Protecting Our Children – New Recommendations

Protecting Our Children – New Recommendations

Scott childhood photo

What do you notice in the picture above? Yes, that’s a very cool convertible car with white wall tires. The homes look like they are from suburbia, USA. A vintage white truck graces the background. Well, apart from all of that, you have my grandmother and me from the mid-1960’s. I had bright blonde hair and no shirt and you can tell that it’s a sunny day in Southern California. This picture is pretty typical of the ones I have come across of my childhood. I am in the sun.

Growing up with fun in the sun

Whether I was at the beach or on the playground, much of the time I was enjoying myself without much sun protection.
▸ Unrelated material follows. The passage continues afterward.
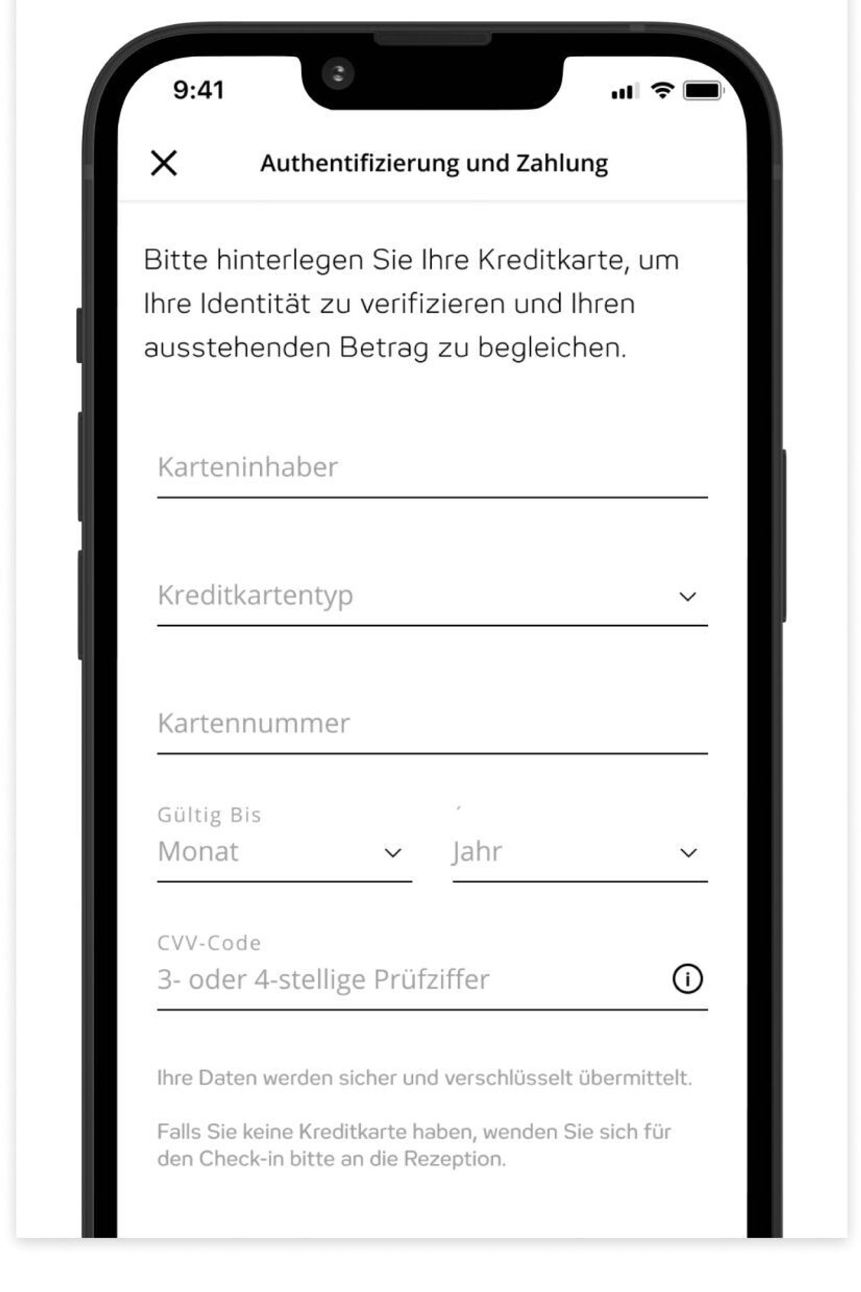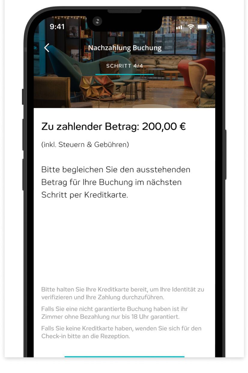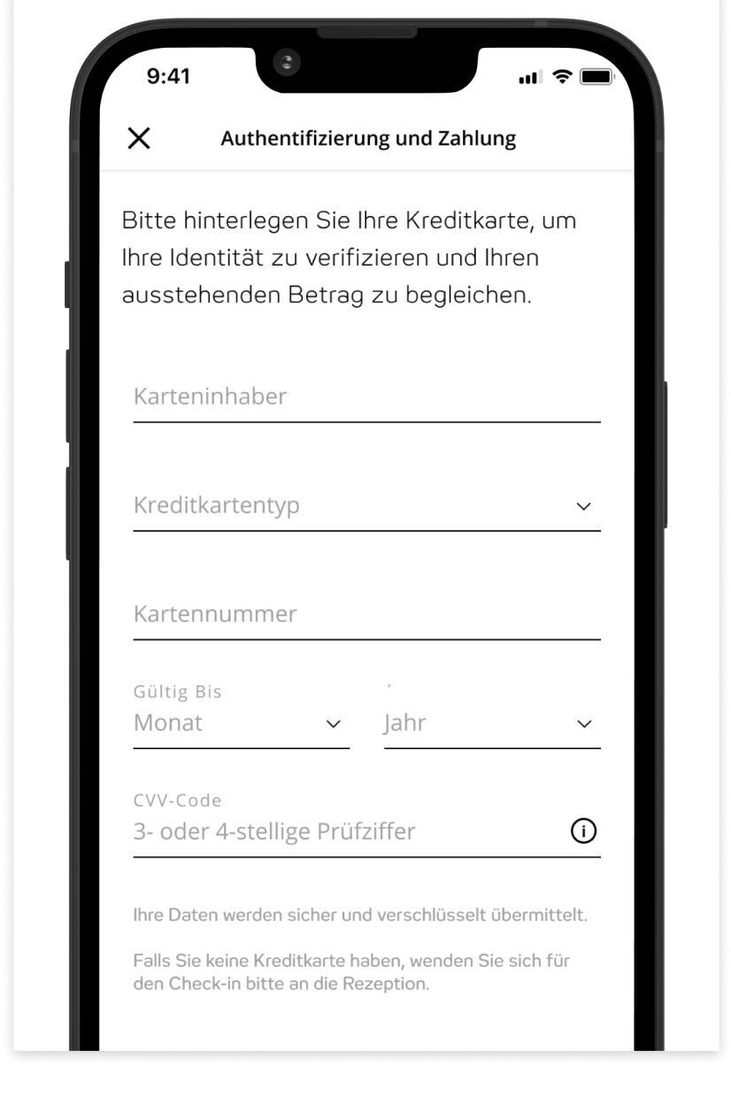 Sofern du deinen Aufenthalt noch nicht bezahlt hast, kannst du offene Rechnungen mit deiner Kreditkarte begleichen.

This was true not only for me, but for many of my playmates and friends in these old photos. It was just part of the culture. Southern California during the “Wonder Years” was a playland of beach excursions, pool parties, and just plain backyard fun as it most likely is today. I loved being outside, but what I did not realize was the damage that years of sun exposure was doing to my skin and the resultant melanoma from which I would suffer.

Ignorance but not bliss

Now, I do not blame my parents. Frankly, I don’t think many people really understood the damage that years of cumulative sun exposure would cause. And while many times I would have some sort of tanning oil or cream on, no one really knew that these were not effective enough for the exposure that a California summer would provide. We just didn’t know, but now we do. We now have a much better idea of what should be done and how to protect our children. That’s something every parent wants for their kids.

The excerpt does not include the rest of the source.